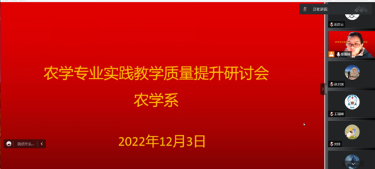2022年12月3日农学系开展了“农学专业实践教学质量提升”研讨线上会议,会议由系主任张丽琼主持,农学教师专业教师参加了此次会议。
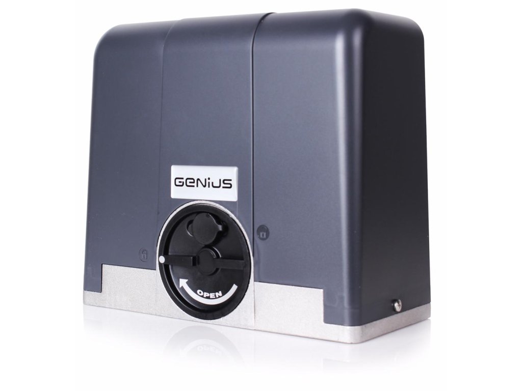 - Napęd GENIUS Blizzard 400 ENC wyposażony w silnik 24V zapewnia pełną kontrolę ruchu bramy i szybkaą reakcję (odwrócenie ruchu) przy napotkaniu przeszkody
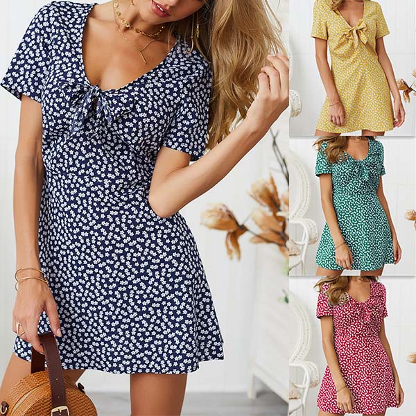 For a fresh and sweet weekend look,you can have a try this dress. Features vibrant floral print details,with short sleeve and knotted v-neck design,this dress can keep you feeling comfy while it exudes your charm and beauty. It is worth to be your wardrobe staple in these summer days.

######

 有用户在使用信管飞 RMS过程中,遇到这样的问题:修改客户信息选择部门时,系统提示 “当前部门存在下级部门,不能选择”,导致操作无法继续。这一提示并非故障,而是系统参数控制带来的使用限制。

######

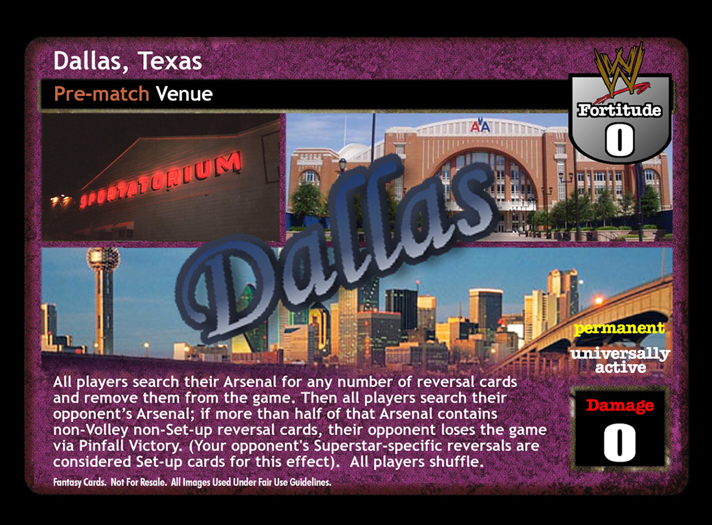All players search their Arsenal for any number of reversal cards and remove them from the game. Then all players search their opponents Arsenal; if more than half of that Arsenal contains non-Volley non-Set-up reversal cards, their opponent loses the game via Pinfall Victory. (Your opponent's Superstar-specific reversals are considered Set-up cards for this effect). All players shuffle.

######

* **WORK INSTRUCTION**
Copy word for word only the lines above from the one with "- Napęd GENIUS" through the one with "For a fresh". Leave pictures out.

* **FINISHED TASK**
 - Napęd GENIUS Blizzard 400 ENC wyposażony w silnik 24V zapewnia pełną kontrolę ruchu bramy i szybkaą reakcję (odwrócenie ruchu) przy napotkaniu przeszkody
 For a fresh and sweet weekend look,you can have a try this dress. Features vibrant floral print details,with short sleeve and knotted v-neck design,this dress can keep you feeling comfy while it exudes your charm and beauty. It is worth to be your wardrobe staple in these summer days.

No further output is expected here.